Voltage and Current in RC circuits

[stonecoldgen]

Homework Statement

A circuit includes a spark gap that connects to the ground. The width of the gap is adjusted so that the capacitor discharges to the ground each time the voltage reaches 99% of the maximum.

(The circuit is basically a simple series circuit with an 80v power supply, connected to a 2500$\Omega$ resistor. Then comes a junction, one way leads to a 400$\mu$F capacitor, and the loop starts again in the power supply. The other way leads to the grounded spark gap).



Find the current flowing through the resistor at time t=$\tau$

Homework Equations

V=IR
V=V₀(1-e^-t/$\tau$)

The Attempt at a Solution

First I found the constant $\tau$ for the circuit by doing (2500)(400X10^-6)=1

Then found V at time $\tau$ by doing

V=80(1-e^{-$\tau$/$\tau$})=51




Then I thought that simply dividing 51 by 2500 would do it, but apparently not, any ideas?
Thanks...

 

[gneill]

The voltage across the resistor is not the voltage across the capacitor.

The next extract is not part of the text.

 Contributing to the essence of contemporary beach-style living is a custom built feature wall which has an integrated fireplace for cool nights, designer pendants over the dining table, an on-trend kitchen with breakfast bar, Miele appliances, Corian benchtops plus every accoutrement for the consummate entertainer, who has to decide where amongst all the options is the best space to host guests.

HINT: You can modify your voltage formula slightly to give the voltage across the resistor.

 

[stonecoldgen]

The voltage across the resistor is not the voltage across the capacitor.

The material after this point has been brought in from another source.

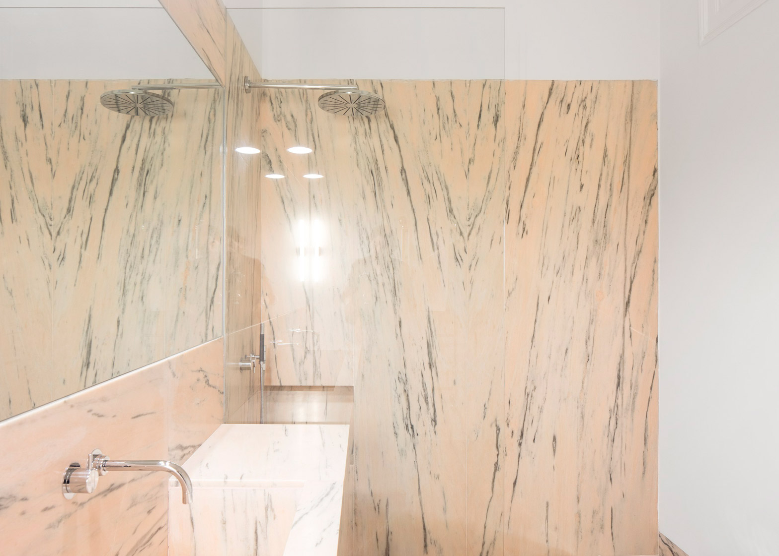 Raúl Sánchez-ს მიერ ბარსელონას ბინაში ნაცრისფერი ბეტონითა და მარმარილოთი შექმნილი ინტერიერი, სადაც მილსადენები თვალისთვის ხილვადია, მინიმალისტური დიზაინის საინტერესო ვარიანტია. 110 კვადრატულიანი ფართობის განაწილების მიზნით, სანჩესმა და მისმა სტუდიამ RAS Arquitectura გამოიყენეს დახრილი კედლები, რომლებიც ხელს უწყობენ ღია გეგმაში საინტერესო კუთხეების გაჩენას.
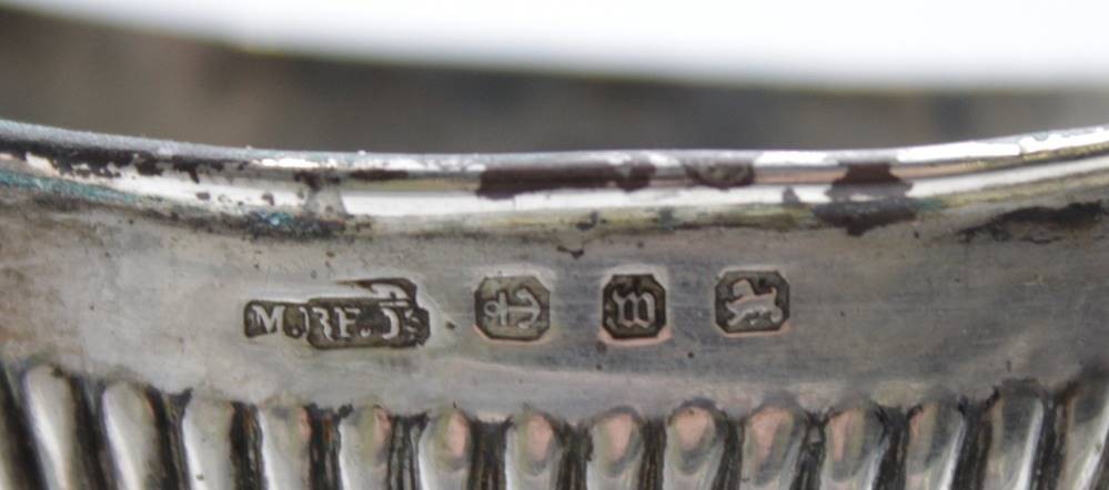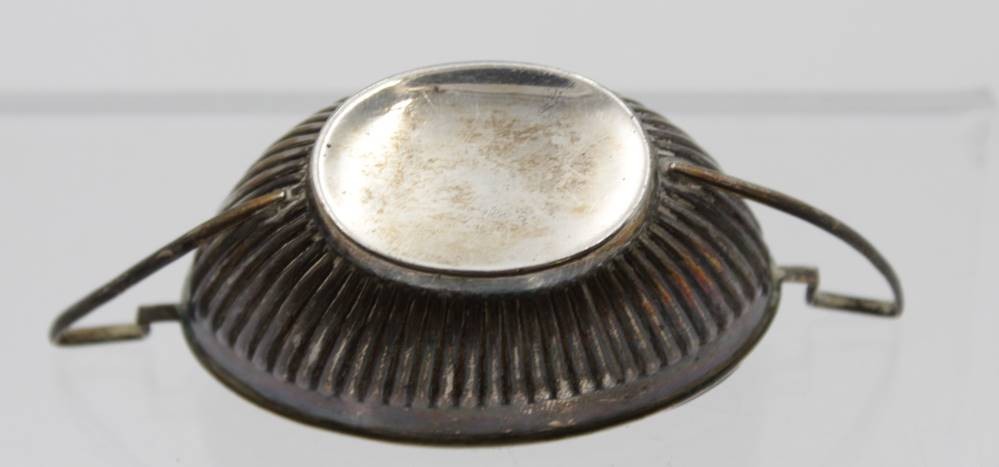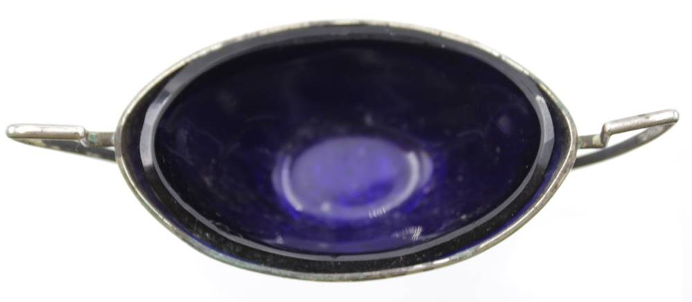 Saliere, England, Sterling, blauer Glaseinsatz, Alters-u-Gebrauchsspuren, ohne Glas 28gr., H-4cm B-10cm. [1]

HINT: You can modify your voltage formula slightly to give the voltage across the resistor.

should i subtract/add the voltages?

 

[gneill]

should i subtract/add the voltages?

That's one way to do it; you know one end of the resistor is held at 80V and the other is determine by the capacitor voltage for which you've written an expression.

On the other hand, you should recall that all the voltages and currents in the circuit will be changing according to very similar exponential curves. The current through the resistor is going to start at some maximum value when the capacitor is initially empty, and then it will decay towards zero as the capacitor fills. So you should be able to write by inspection a function for the current.

 

[asteriatic]

I would like to clarify a few things about this circuit before providing a response. Firstly, I assume that the spark gap is not connected to the rest of the circuit, as that would create a short circuit and the capacitor would not discharge to the ground. Secondly, the value of \tau that you have calculated (1) seems to be a time constant, not a resistance. The resistance in this circuit is 2500\Omega.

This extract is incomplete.